Page 9 of Heretic


  My first memories of the Qur’an are of my mother and grandmother kissing its cover, of the admonition never to touch it without having first washed my hands, and of sitting on the hot Somali ground as a small child of four or five while the book seemed to tower above us on a high shelf. As I memorized its verses, I was taught simply to obey it. The Qur’an, I learned, was the book sent down “explaining all things” (16:89). It had been revealed to Muhammad by Allah through the Angel Gabriel, beginning when Muhammad lived in Mecca and continuing when he moved to Medina. Gabriel spoke the words one by one to Muhammad, who in turn recited them before scribes. Islamic orthodoxy—not radical Islam, but mainstream Islamic doctrine—thus insists that the Qur’an is God’s own word. Questioning any part of the Qur’an therefore becomes an act of heresy.

  The Allah of my childhood was a fiery deity. “On the Day that the enemies of Allah will be gathered together to the Fire,” it is written in chapter 41 of the Qur’an, “their hearing, their sight, and their skins will bear witness against them, as to (all) their deeds.” Of Abu Lahab, Muhammad’s uncle who persistently opposed Islam, it is said in chapter 111: “Burnt soon will he be in a Fire of Blazing Flame!
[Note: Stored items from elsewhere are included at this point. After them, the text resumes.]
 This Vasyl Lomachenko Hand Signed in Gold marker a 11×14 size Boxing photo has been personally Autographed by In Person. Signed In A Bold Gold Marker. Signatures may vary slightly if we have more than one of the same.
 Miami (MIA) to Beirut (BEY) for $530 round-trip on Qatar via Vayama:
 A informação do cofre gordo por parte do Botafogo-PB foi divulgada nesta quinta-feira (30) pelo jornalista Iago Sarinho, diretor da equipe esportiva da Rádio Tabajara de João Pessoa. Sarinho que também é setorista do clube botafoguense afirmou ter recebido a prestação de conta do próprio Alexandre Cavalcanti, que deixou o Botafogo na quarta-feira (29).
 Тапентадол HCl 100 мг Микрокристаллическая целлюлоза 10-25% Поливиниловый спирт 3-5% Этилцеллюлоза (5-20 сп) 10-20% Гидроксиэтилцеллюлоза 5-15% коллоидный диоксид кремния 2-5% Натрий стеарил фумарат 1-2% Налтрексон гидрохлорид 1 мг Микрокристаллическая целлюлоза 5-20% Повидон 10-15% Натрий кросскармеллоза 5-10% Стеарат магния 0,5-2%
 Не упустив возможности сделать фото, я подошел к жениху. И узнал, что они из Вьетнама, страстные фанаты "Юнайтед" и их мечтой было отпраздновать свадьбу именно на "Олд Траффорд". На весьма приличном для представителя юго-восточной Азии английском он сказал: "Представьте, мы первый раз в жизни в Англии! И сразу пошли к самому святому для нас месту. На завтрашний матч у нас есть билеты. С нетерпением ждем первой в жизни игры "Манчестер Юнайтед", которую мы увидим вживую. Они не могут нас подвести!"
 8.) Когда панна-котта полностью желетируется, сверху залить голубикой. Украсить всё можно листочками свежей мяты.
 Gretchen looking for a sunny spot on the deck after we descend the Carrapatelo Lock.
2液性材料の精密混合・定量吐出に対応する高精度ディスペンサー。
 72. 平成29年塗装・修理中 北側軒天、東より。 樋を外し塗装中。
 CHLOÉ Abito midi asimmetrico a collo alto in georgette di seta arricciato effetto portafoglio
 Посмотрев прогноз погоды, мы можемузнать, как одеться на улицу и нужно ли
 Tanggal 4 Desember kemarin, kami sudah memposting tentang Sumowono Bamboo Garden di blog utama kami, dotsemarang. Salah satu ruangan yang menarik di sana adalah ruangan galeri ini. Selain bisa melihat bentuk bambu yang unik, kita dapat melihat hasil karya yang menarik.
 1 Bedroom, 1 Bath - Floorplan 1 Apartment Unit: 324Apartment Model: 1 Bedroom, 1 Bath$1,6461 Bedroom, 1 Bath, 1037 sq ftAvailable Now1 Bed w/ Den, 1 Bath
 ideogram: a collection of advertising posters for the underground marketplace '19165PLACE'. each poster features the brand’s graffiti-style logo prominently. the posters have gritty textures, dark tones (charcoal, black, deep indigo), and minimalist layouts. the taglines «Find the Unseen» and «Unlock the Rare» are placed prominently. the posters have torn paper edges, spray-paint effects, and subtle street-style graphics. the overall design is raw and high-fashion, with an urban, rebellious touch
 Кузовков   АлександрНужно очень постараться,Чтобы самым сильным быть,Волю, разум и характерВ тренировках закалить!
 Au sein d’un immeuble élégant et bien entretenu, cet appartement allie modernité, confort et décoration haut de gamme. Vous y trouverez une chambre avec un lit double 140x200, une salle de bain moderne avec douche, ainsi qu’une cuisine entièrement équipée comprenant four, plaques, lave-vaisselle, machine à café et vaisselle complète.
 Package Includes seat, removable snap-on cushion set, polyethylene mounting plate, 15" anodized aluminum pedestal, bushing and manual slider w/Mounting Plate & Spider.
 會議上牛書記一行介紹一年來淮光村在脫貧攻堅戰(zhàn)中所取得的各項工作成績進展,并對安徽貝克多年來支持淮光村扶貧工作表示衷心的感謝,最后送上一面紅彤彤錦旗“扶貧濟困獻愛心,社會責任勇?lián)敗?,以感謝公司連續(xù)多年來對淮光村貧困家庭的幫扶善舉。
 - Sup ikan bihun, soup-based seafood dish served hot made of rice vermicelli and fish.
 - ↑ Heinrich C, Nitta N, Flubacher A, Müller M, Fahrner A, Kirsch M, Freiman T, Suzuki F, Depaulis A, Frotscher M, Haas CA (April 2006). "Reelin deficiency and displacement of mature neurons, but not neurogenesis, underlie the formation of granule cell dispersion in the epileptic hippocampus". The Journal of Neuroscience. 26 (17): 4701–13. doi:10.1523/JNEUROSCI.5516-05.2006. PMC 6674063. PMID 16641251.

His wife shall carry the (crackling) wood—As fuel!—A twisted rope of palm-leaf fiber round her (own) neck!” Fire is a recurring theme of the Qur’an, and the heat of the desert and the scalding sun, like the crackle of fires at night outside their tents, made these punishments exceedingly vivid to most Arabs, as well as to me. When my mother spoke of “hellfire,” she would point to the flaming brazier in our kitchen and tell me: “You think this fire is hot? Now think about hell, where the fire is far, far hotter and it will devour you.” The thought gave my sister nightmares. Small wonder I strove to submit to Allah’s will.

  Later, I learned what it was that made Allah different from the Christian God and Hebrew Yahweh. Allah is not a benevolent father figure, to be depicted in flowing robes with a white beard. In fact, Islam requires that neither God nor Muhammad be depicted in any physical form. Unlike the mosaics of medieval chapels or the frescoes of churches in the Renaissance, every Muslim house of worship from the Grand Mosque down has no human images, only geometric adornments featuring nothing more figurative than enormous flowering plants.

  This abstract Allah also reigns supreme as the sole divinity; in Islam there is no Jesus-like son or Holy Ghost. Association of any other god or entity with Allah is considered shirk and is one of the gravest sins in Islam—punishable by death according to some scholars. The Qur’an pointedly says, “no son has [Allah] begotten, nor has He a partner in His dominion” (25:2). In Islam, Jesus is recognized as being in the tradition of major Old Testament prophets like Noah and Abraham, but Muhammad is revealed as the last and greatest prophet and the Qur’an is the last word spoken by God. According to Islamic teachings, each prophet up to and including Muhammad opened a window onto the unseen, but after Muhammad’s death that window was declared shut until Judgment Day and the end of time. Muhammad was thus the bearer of the last word of God’s revelation.11

  In a similar way, Allah’s imperatives for the faithful are not exhortations, such as love thy neighbor, or a covenant, as between God and the Jews, or even a wider moral code, like the Ten Commandments, which address everything from adultery to murder. Rather, first and foremost, Islam commands its followers to perform five religious duties, all of which remind the believers through word and deed that they must above all else submit to the faith and its rules:

  1. Have faith in the one God, Allah, and Muhammad, His Prophet;

  2. Pray five times a day;

  3. Fast during the day for the entire ninth month of Ramadan;

  4. Provide charity;

  5. Make a pilgrimage to Mecca at least once in a lifetime, if possible.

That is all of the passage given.